Supplied data:
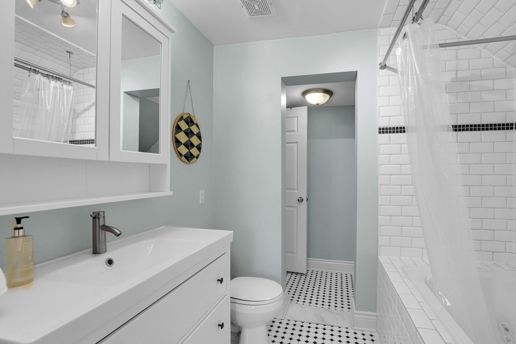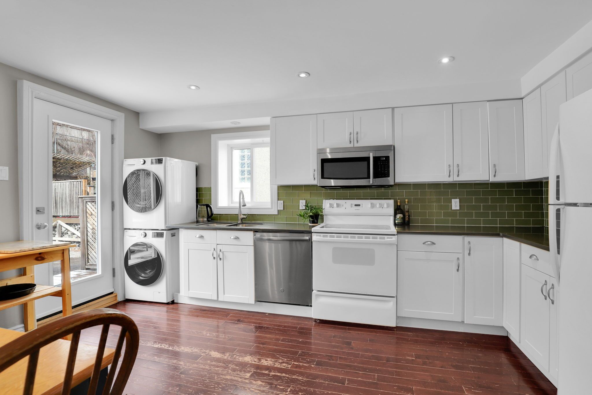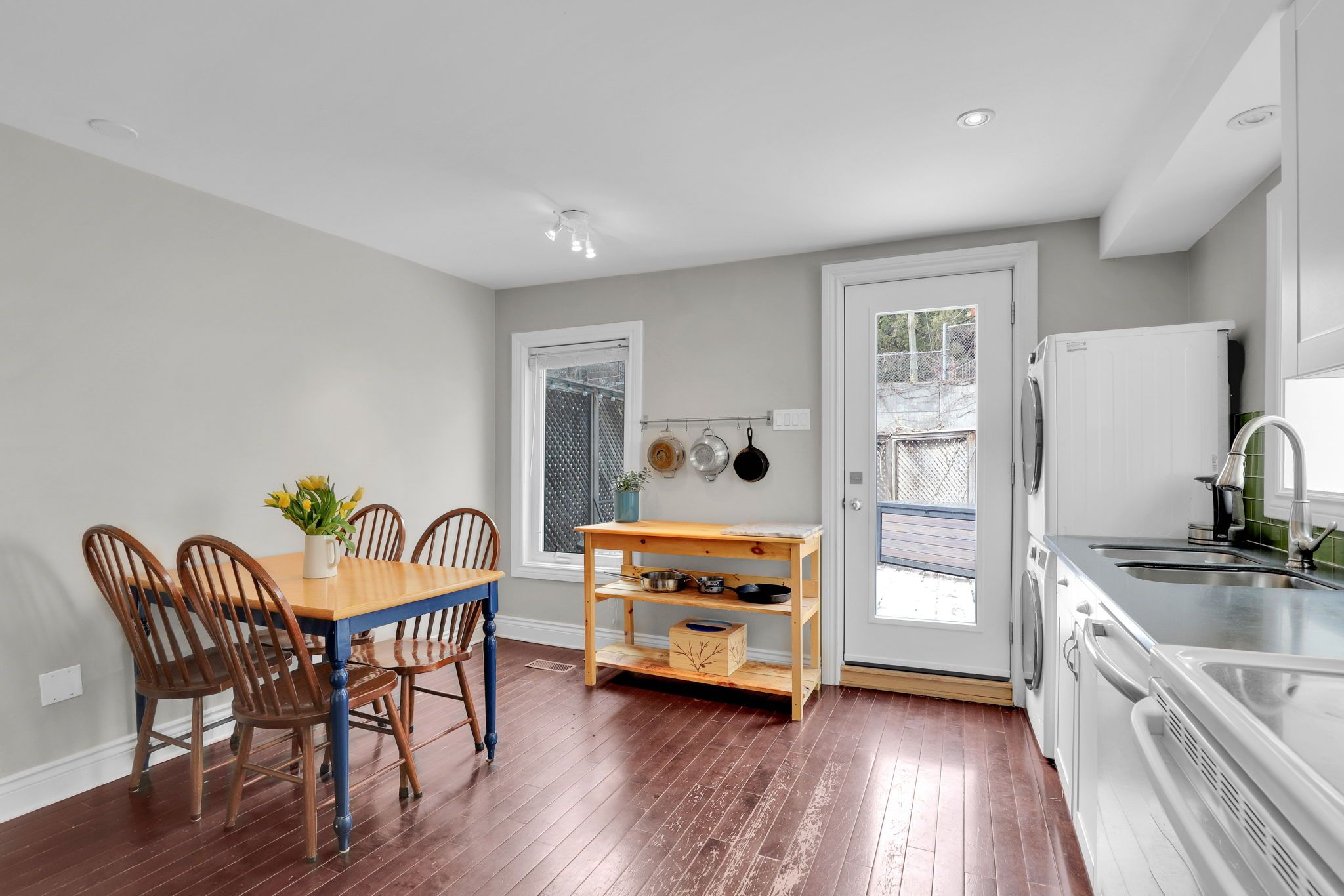 • Bright eat-in kitchen with pot lights and ample storage space.
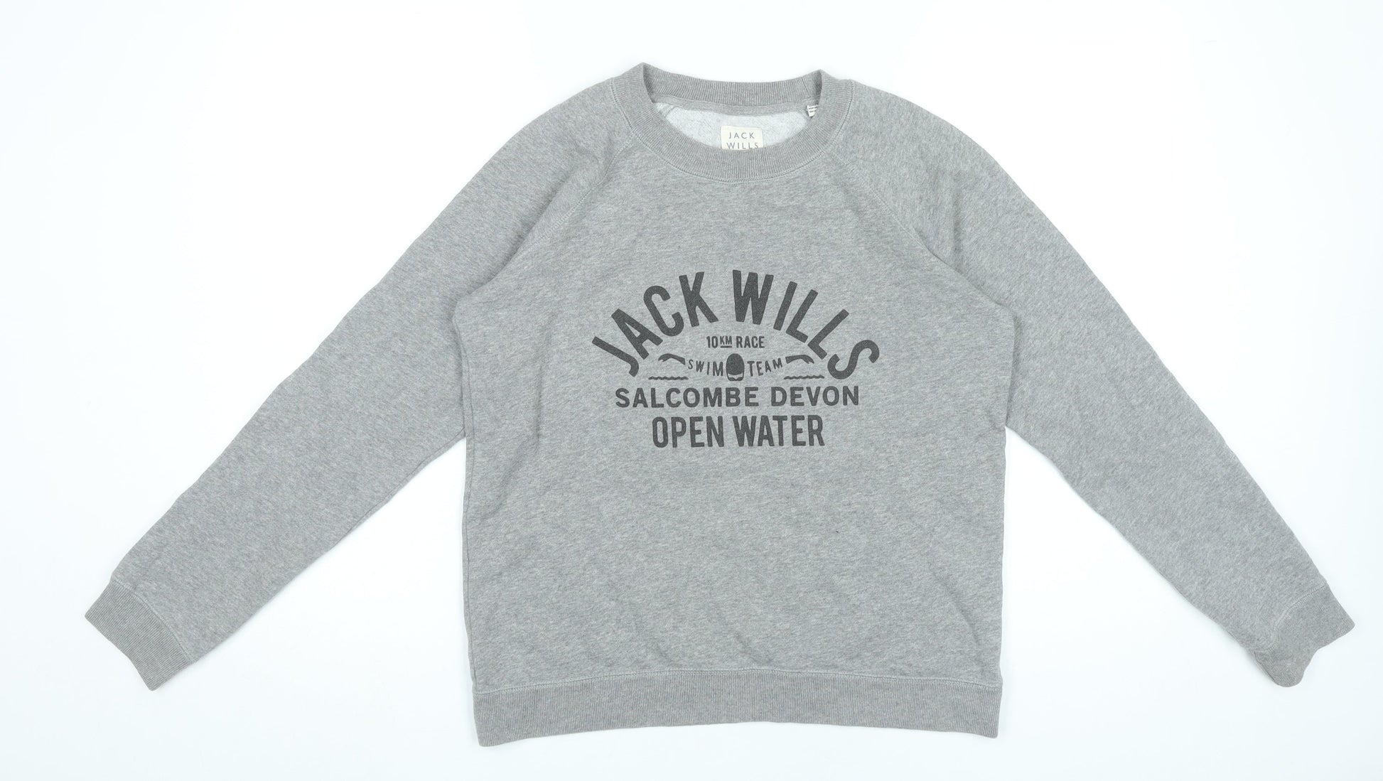 Jack Wills Women’s Grey Sweatshirt UK 12 Graphic Print Pullover
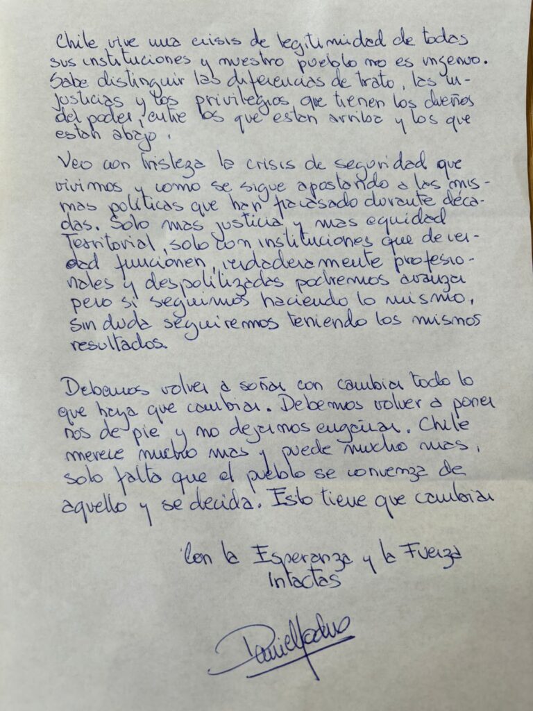 En la misiva el exalcalde abordó también las crisis de legitimidad institucional y de seguridad a nivel país, asegurando que la ciudadanía “sabe distinguir las diferencias de trato, las injusticias y los privilegios que tienen los dueños del poder, entre los que están arriba y los que están abajo”.

Exercise instructions: Exactly repeat the material from its first line through the line with "Jack Wills Women’s", including both, and leave the pictures and everything else out.

Response to the exercise:
 • Bright eat-in kitchen with pot lights and ample storage space.
 Jack Wills Women’s Grey Sweatshirt UK 12 Graphic Print Pullover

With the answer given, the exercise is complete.